Discussion, debate, and deck advice was not enough to satisfy the intense player interest evident on Beyond Dominia. The advent of online Magic platforms such as Wizards of the Coast’s Magic Encyclopedia and Dragonstar Studio’s free Apprentice made it possible to use the Internet to test and play Type I games. This opened up the possibility of not only free match play, but Type I tournaments organized online. This possibility was seized by the staff at Bdominia, and the first Tournament of Champions was organized.
Players submitted their decklists in advance to the tournament organizer, which would be kept secret until after the tournament had begun. Randomized Swiss-style pairings would be announced on the forum at roughly a rate of one round every few days (faster than correspondence chess, but slower than real tournaments). Players were expected to contact each other and arrange a time to play their match, and were also expected to report their results and write up a summary of each round. The first such tournament kicked off in the final months of 2000, by the end of the year the winner of the first Tournament of Champions had been crowned.
4 Force of Will
4 Mana Drain
4 Powder Keg
2 Nevinyrral’s Disk
1 Ancestral Recall
1 Time Walk
1 Zuran Orb
[Mana Sources] (25)
1 Black Lotus
1 Mox Sapphire
1 Sol Ring
1 Strip Mine
[/Mana Sources] (0)
2 Tormod’s Crypt
3 Back to Basics
Canadian Michael Bower’s Mono Blue Ophidian Control deck not only took down the inaugural Tournament of Champions, but took many Bdominia regulars by surprise. Mono Blue Control had arrived in Type I.

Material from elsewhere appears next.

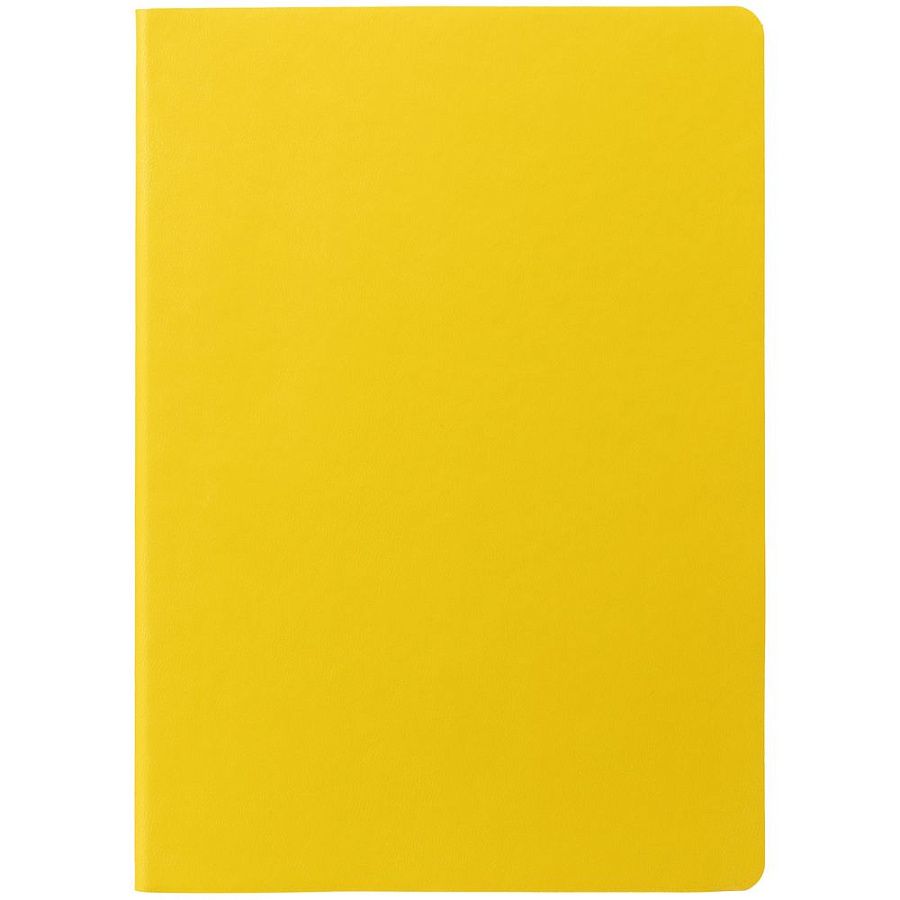 Ежедневник с гибкой обложкой, выполнен из материала Latte, желтый, дополнен ляссе в цвет обложки.

Bower took his cue from Zvi Mowshowitz’ Mono Blue Control deck from the first 2000 Magic Invitational, which was the only deck in that portion of that tournament to go 3-0. Both decks eschewed the typical preference for multi-color control in favor of a far more streamlined archetype. Both decks are anchored by Ophidian, one of the best card drawing engines of the era. Both decks also featured a high density of countermagic.
Mike Bower ran more Misdirections than Zvi (who ran none), but lacked the more efficient countermagic like Mana Leak, and eschewed Impulse and Brainstorm that Zvi’s deck included. One of the most important innovations here was the incorporation of a full complement of Powder Keg, to clear out Jackal Pup-level threats and remove Moxen as well. Back to Basics out of the sideboard would lock up and lock out any multi-color control opponent. Soothsaying was an unusual and controversial card that was popular on Bdominia, but less popular among pros or players like Brian Weissman.
Michael Bower’s performance would strike an important note and set the tone for 2001.